Give the records again. Keep them exact and leave out the images.
[[ Source data, beginning ]]
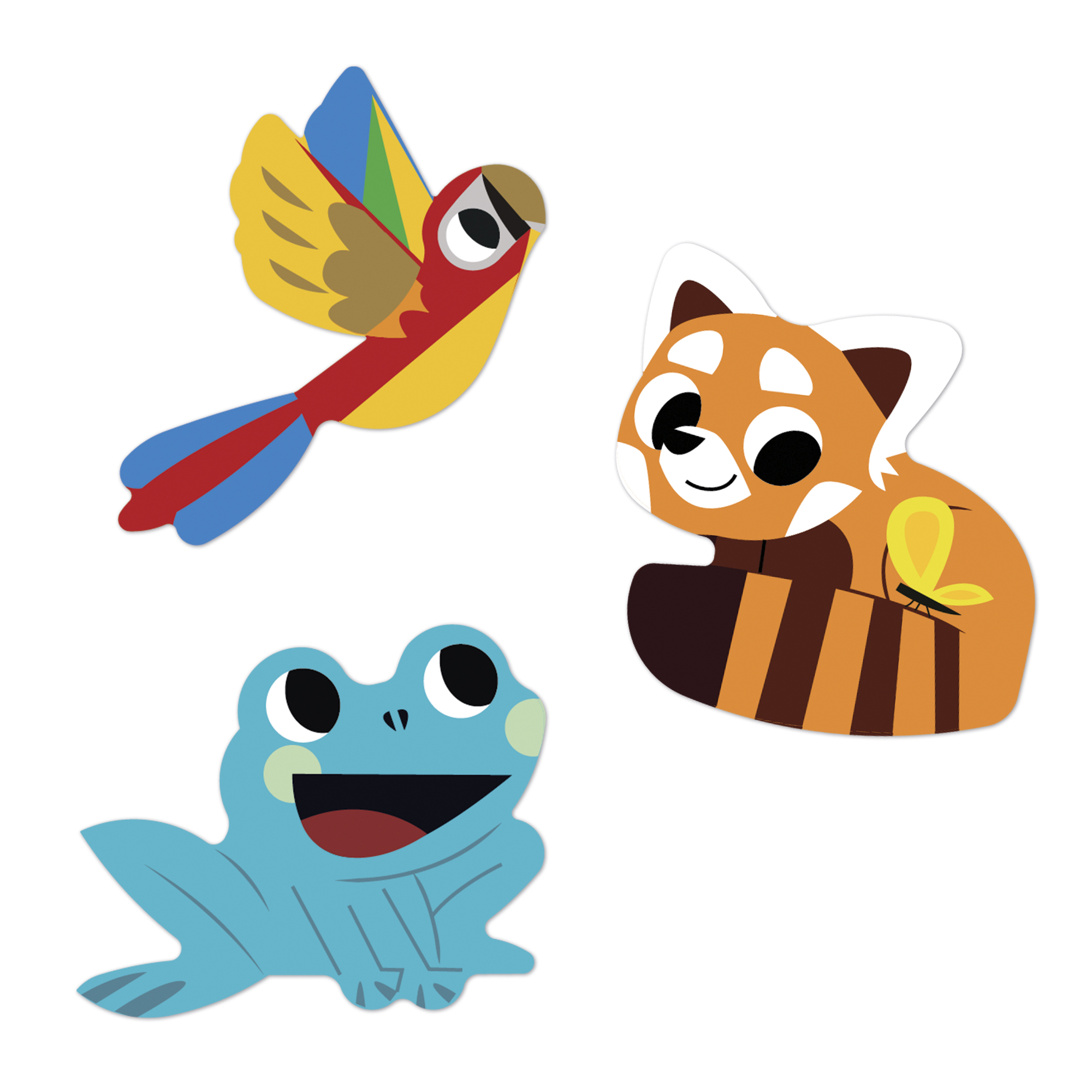 Vitajte v džungli! Táto knižka s nálepkami v tvare pandy obsahuje 100 nálepiek s motívom exotických zvierat. Zadná strana každej nálepky je predrezaná do polovice, aby sa ľahšie držala. Veľkosť nálepiek bola špeciálne navrhnutá pre ruky detí vo veku od 3 rokov: merajú približne 5 x 5 cm (max.). Niektoré nálepky majú pekný efekt zlatej fólie. Táto aktivita pomáha rozvíjať jemnú motoriku a kreativitu. Je ideálna pre deti vo veku od 3 rokov.
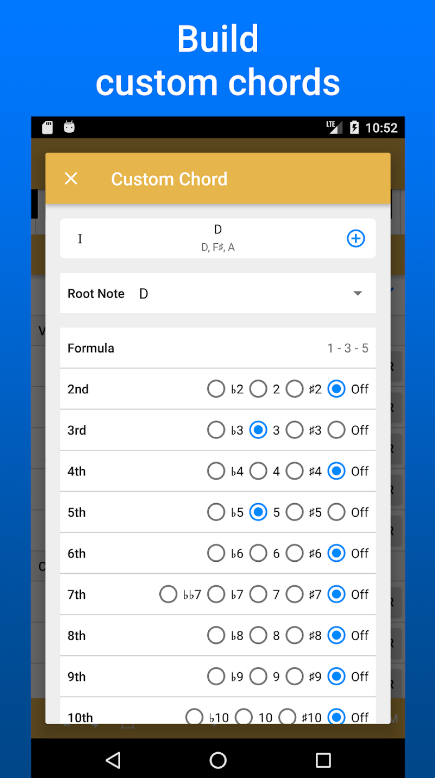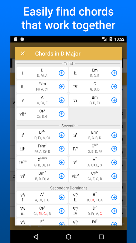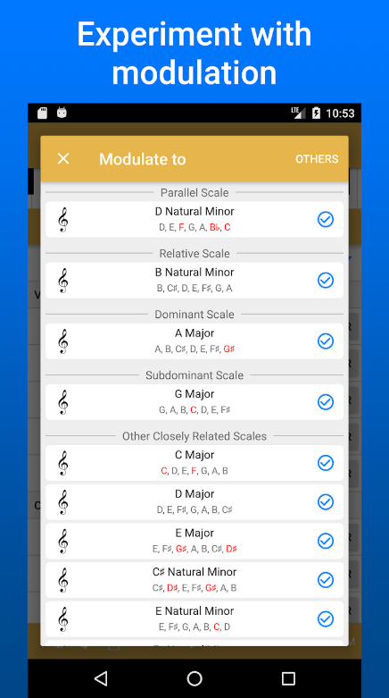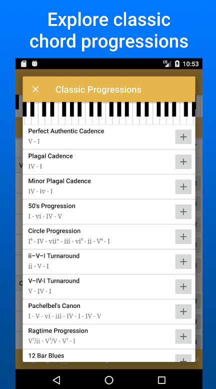 在应用程序的帮助下,您还将找出哪些和弦在任何键中有效地相互补充,从而允许您创建您的舔舐。借助此功能,用户可以拓宽对和弦进行的理解并发展他们的即兴创作技能。
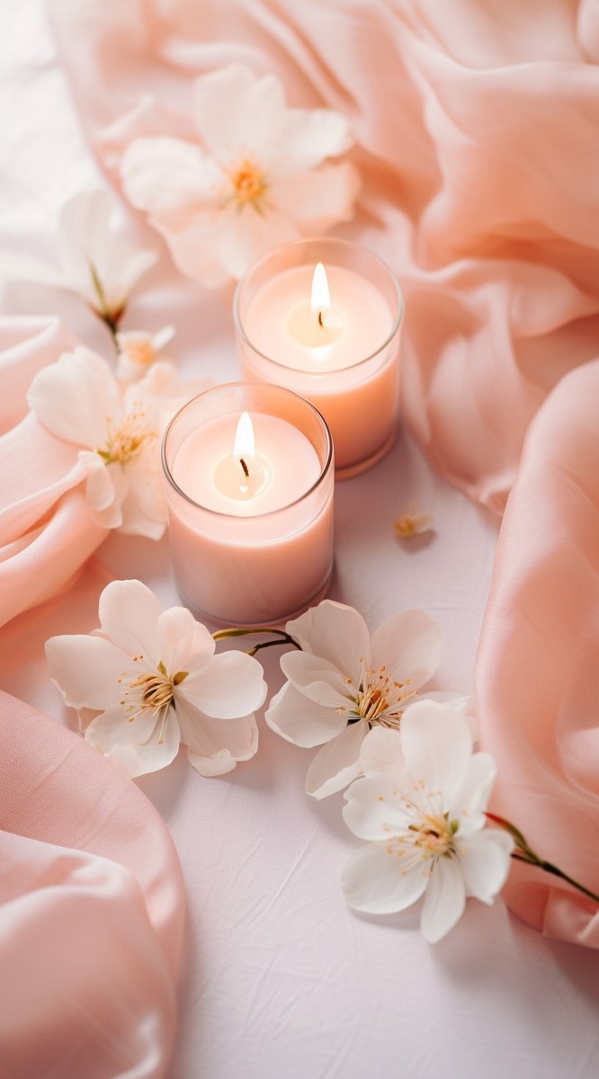 Создано на основе запроса: Elegant flat lay of candles and cards, surrounded by delicate peach silk fabric and white blossoms, creating an atmosphere perfect for Valentine's Day gifts or wedding-related events. The soft pastel color palette and gentle lighting highlight the textures and details. The photography was shot using a Canon EOS R5 camera with a macro lens, capturing the intricate patterns on the petals and ribbon texture.
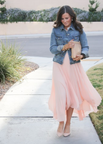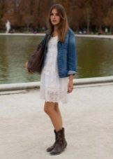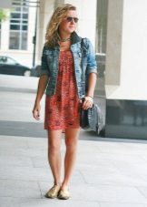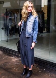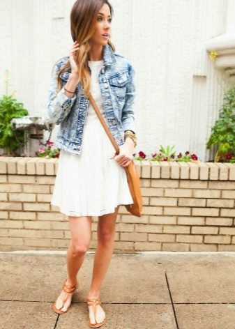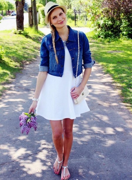 The denim jacket is perfectly combined with summer light dresses, creating a feminine, fashionable bow. Designers suggest wearing a short jacket with silk, linen, chiffon or knitted sundresses.
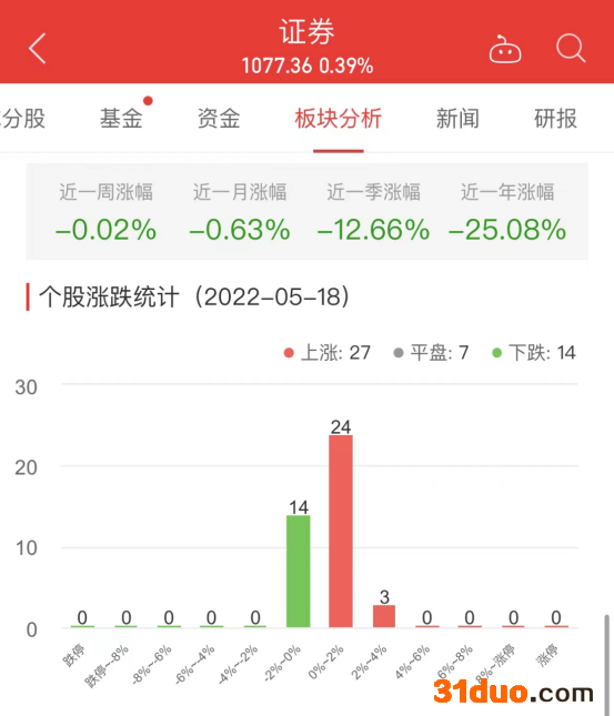 中国经济网北京5月18日讯 今日,证券板块整体涨幅0.39%,其中27只股票上涨,7只股票平盘,14只股票下跌。
[[ Source data, end ]]
- Problem solution
 Vitajte v džungli! Táto knižka s nálepkami v tvare pandy obsahuje 100 nálepiek s motívom exotických zvierat. Zadná strana každej nálepky je predrezaná do polovice, aby sa ľahšie držala. Veľkosť nálepiek bola špeciálne navrhnutá pre ruky detí vo veku od 3 rokov: merajú približne 5 x 5 cm (max.). Niektoré nálepky majú pekný efekt zlatej fólie. Táto aktivita pomáha rozvíjať jemnú motoriku a kreativitu. Je ideálna pre deti vo veku od 3 rokov.
 在应用程序的帮助下,您还将找出哪些和弦在任何键中有效地相互补充,从而允许您创建您的舔舐。借助此功能,用户可以拓宽对和弦进行的理解并发展他们的即兴创作技能。
 Создано на основе запроса: Elegant flat lay of candles and cards, surrounded by delicate peach silk fabric and white blossoms, creating an atmosphere perfect for Valentine's Day gifts or wedding-related events. The soft pastel color palette and gentle lighting highlight the textures and details. The photography was shot using a Canon EOS R5 camera with a macro lens, capturing the intricate patterns on the petals and ribbon texture.
 The denim jacket is perfectly combined with summer light dresses, creating a feminine, fashionable bow. Designers suggest wearing a short jacket with silk, linen, chiffon or knitted sundresses.
 中国经济网北京5月18日讯 今日,证券板块整体涨幅0.39%,其中27只股票上涨,7只股票平盘,14只股票下跌。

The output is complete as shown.